First, we will implement the endpoint to commit streaming audio data and get delta response. The streaming ASR endpoint will be implemented based on websocket in order to meet the need of streaming input. Then the service itself will handle the audio chunking work and send the chunked data to Whisper model for transcription. In phase 1, the model size, chunk size and audio format will be set through docker argument while starting the service. For VAD support, CPU based streaming ASR will leverage the faster_whisper
library and the Intel XPU based streaming ASR will leverage the webrtcvad
library.
Next, we would see if it is required to provide the transcription session for realtime transcription configuration. Configurations like input_audio_format, threshold, silence_duration can be set once creating the transcription session.

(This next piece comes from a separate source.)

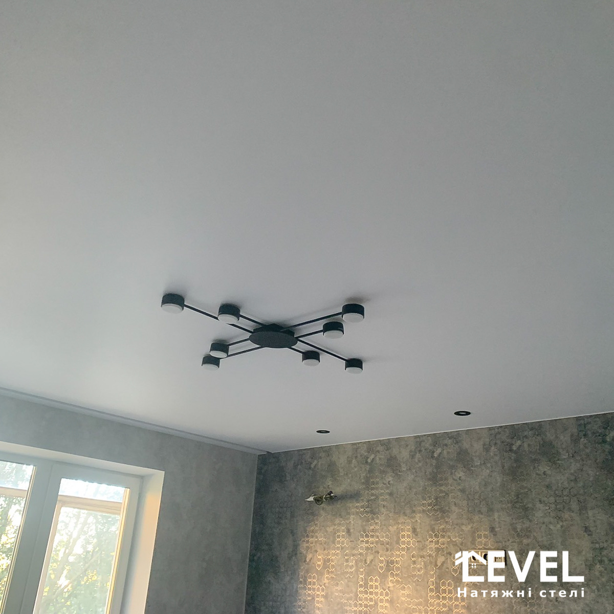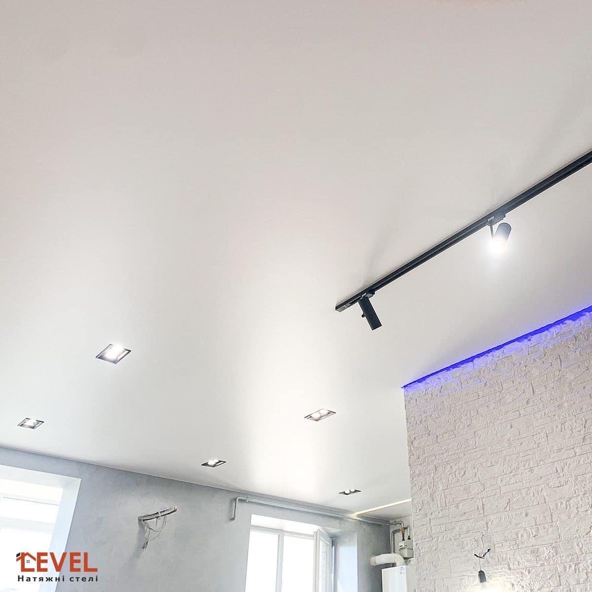 На відміну, від глянцевих натяжних стель, матові, що неспроможні грати світлом, не відбивають його. Тому при установці матової стелі дуже важливо вибрати правильне освітлення.

Also client secret may get authenticated while using the /v1/realtime/intent=transcription
endpoint.
Known concerns¶
Here we leverage the transformers framework to implement the streaming ASR service on Whisper model. Nvidia also provides streaming ASR service based on the Conformer-CTC models which are distributed with NeMo. Although CTC models may outperform Whisper in some cases, they are tightly coupled with NVIDIA’s software and hardware stack. Therefore, we chose Whisper for our implementation to ensure broader compatibility and flexibility.